그런 다음 이들 모두 (덜 단순화 된 순서에서보다 단순화 된 순서로)

xs.map(x => Map(x -> 1)).foldMap(identity)
xs.map(x => Map(x -> 1)).foldMap()
xs.map(x => Map(x -> 1)).suml
xs.map(_ -> 1).foldMap(Map(_))
xs.foldMap(x => Map(x -> 1))

수율

Map('b -> 2, 'a -> 3, 'c -> 2, 'd -> 1)

— 에릭 카플 룬
소스

6

이 경우를 위해 의도적으로 설계된 기본값 0 값을 가진 맵이 최악의 성능을 보여줍니다 (간결하지 않음 groupBy).

    type Word = String
    type Sentence = Seq[Word]
    type Occurrences = scala.collection.Map[Char, Int]

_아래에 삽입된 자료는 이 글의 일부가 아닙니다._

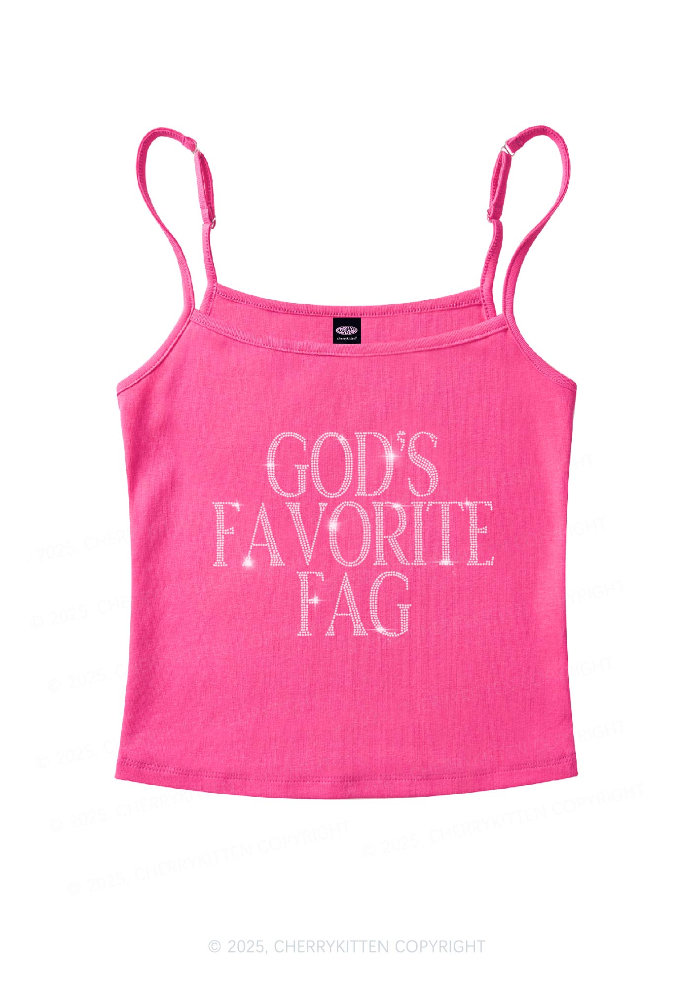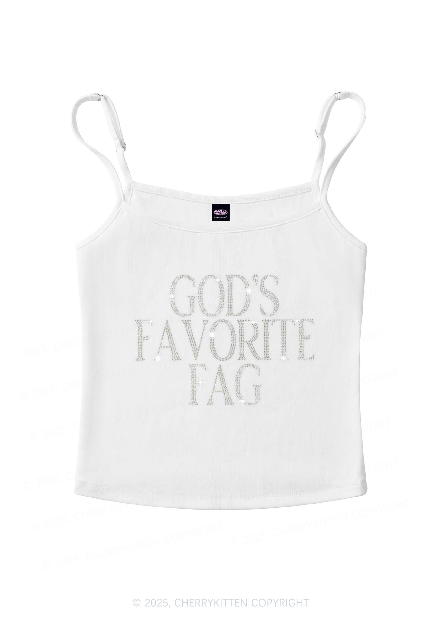 Rhinestone Gods Favorite Fag Pride Y2K Spaghetti Strap Cami Cherrykitten

  def woGrouped(w: Word): Occurrences = {
        w.groupBy(c => c).map({case (c, list) => (c -> list.length)})
  }                                               //> woGrouped: (w: forcomp.threadBug.Word)forcomp.threadBug.Occurrences

  def woGetElse0Map(w: Word): Occurrences = {
        val map = Map[Char, Int]()
        w.foldLeft(map)((m, c) => m + (c -> (m.getOrElse(c, 0) + 1)) )
  }                                               //> woGetElse0Map: (w: forcomp.threadBug.Word)forcomp.threadBug.Occurrences

  def woDeflt0Map(w: Word): Occurrences = {
        val map = Map[Char, Int]().withDefaultValue(0)
        w.foldLeft(map)((m, c) => m + (c -> (m(c) + 1)) )
  }                                               //> woDeflt0Map: (w: forcomp.threadBug.Word)forcomp.threadBug.Occurrences

  def dfltHashMap(w: Word): Occurrences = {
        val map = scala.collection.immutable.HashMap[Char, Int]().withDefaultValue(0)
        w.foldLeft(map)((m, c) => m + (c -> (m(c) + 1)) )
    }                                             //> dfltHashMap: (w: forcomp.threadBug.Word)forcomp.threadBug.Occurrences

    def mmDef(w: Word): Occurrences = {
        val map = scala.collection.mutable.Map[Char, Int]().withDefaultValue(0)
        w.foldLeft(map)((m, c) => m += (c -> (m(c) + 1)) )
  }                                               //> mmDef: (w: forcomp.threadBug.Word)forcomp.threadBug.Occurrences

    val functions = List("grp" -> woGrouped _, "mtbl" -> mmDef _, "else" -> woGetElse0Map _
    , "dfl0" -> woDeflt0Map _, "hash" -> dfltHashMap _
    )                                  //> functions  : List[(String, String => scala.collection.Map[Char,Int])] = Lis
                                                  //| t((grp,<function1>), (mtbl,<function1>), (else,<function1>), (dfl0,<functio
                                                  //| n1>), (hash,<function1>))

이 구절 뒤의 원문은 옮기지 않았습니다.